── Data for processing ──
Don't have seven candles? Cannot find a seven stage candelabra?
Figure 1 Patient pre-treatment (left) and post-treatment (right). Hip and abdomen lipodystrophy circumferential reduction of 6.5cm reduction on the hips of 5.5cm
───
── Data for processing ──
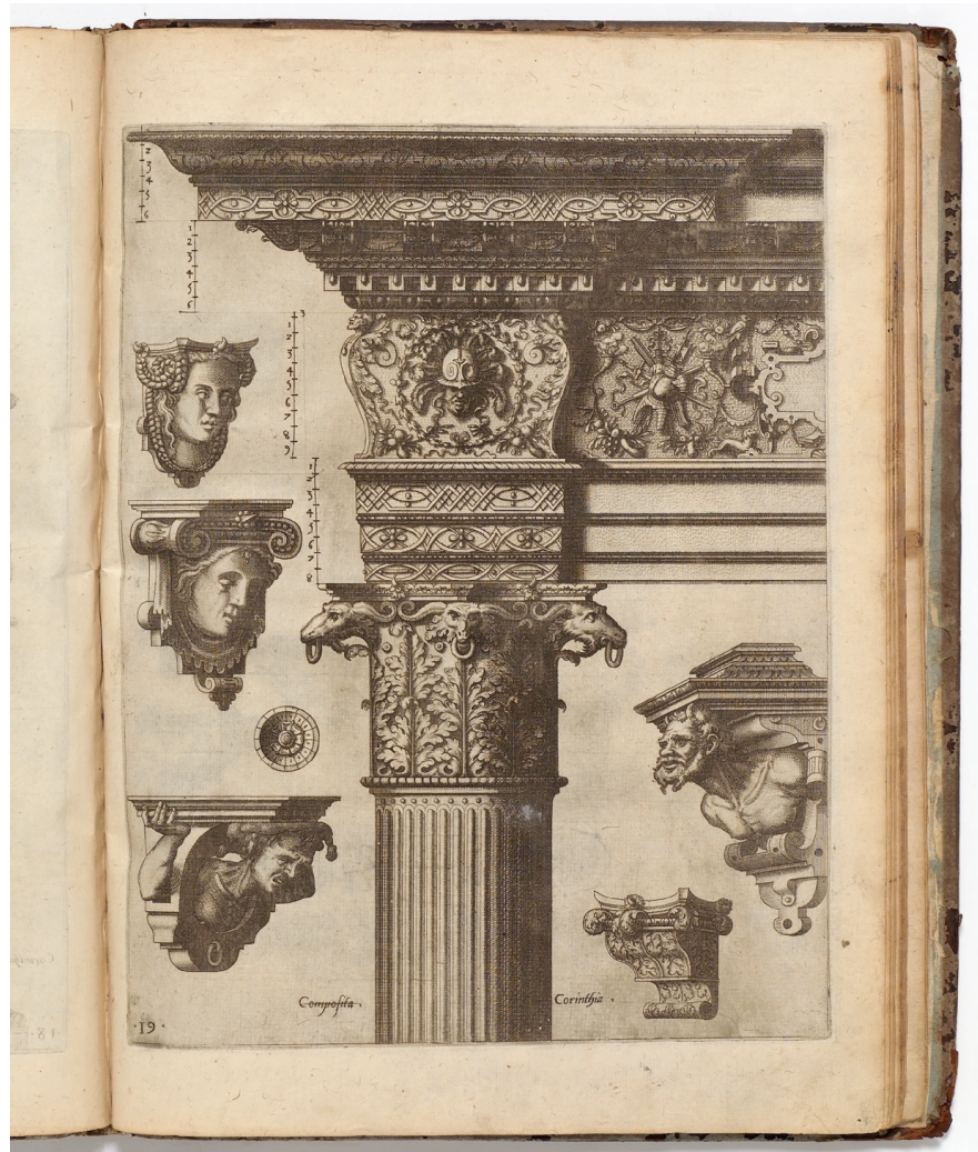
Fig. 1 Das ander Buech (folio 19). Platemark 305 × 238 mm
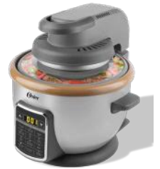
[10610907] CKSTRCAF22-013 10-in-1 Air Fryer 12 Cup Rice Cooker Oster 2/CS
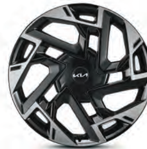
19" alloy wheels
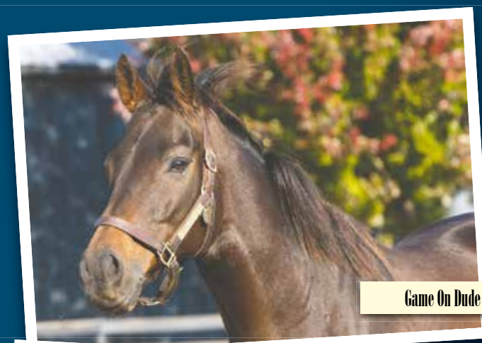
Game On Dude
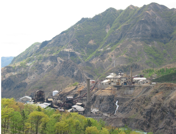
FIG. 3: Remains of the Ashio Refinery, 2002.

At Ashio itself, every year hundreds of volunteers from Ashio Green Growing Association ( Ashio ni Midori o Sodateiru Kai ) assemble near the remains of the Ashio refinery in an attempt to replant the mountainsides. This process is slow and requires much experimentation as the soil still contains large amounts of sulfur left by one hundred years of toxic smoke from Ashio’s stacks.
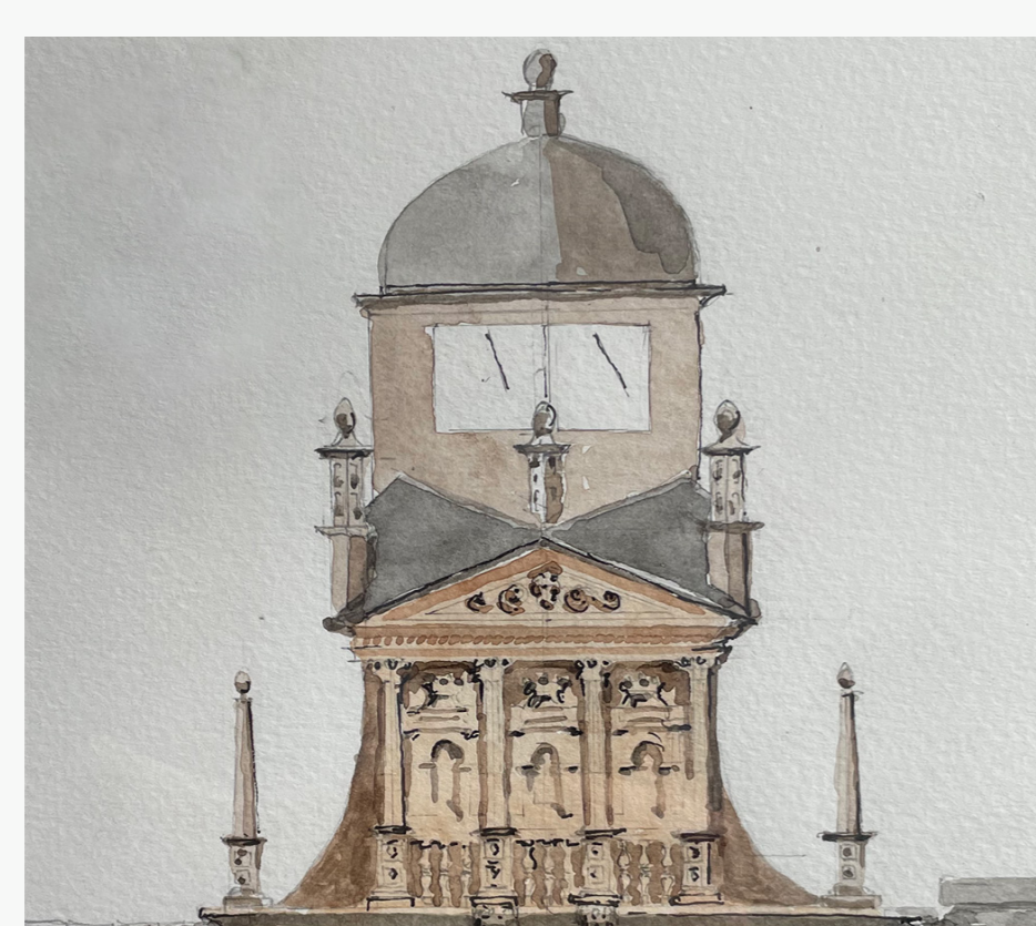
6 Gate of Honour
───
*What the exercise asks:*
Give an exact copy of the lines above from the line with "Don't have seven" up to and including the line with "Figure 1 Patient", and leave everything else out.

*Written solution:*
Don't have seven candles? Cannot find a seven stage candelabra?
Figure 1 Patient pre-treatment (left) and post-treatment (right). Hip and abdomen lipodystrophy circumferential reduction of 6.5cm reduction on the hips of 5.5cm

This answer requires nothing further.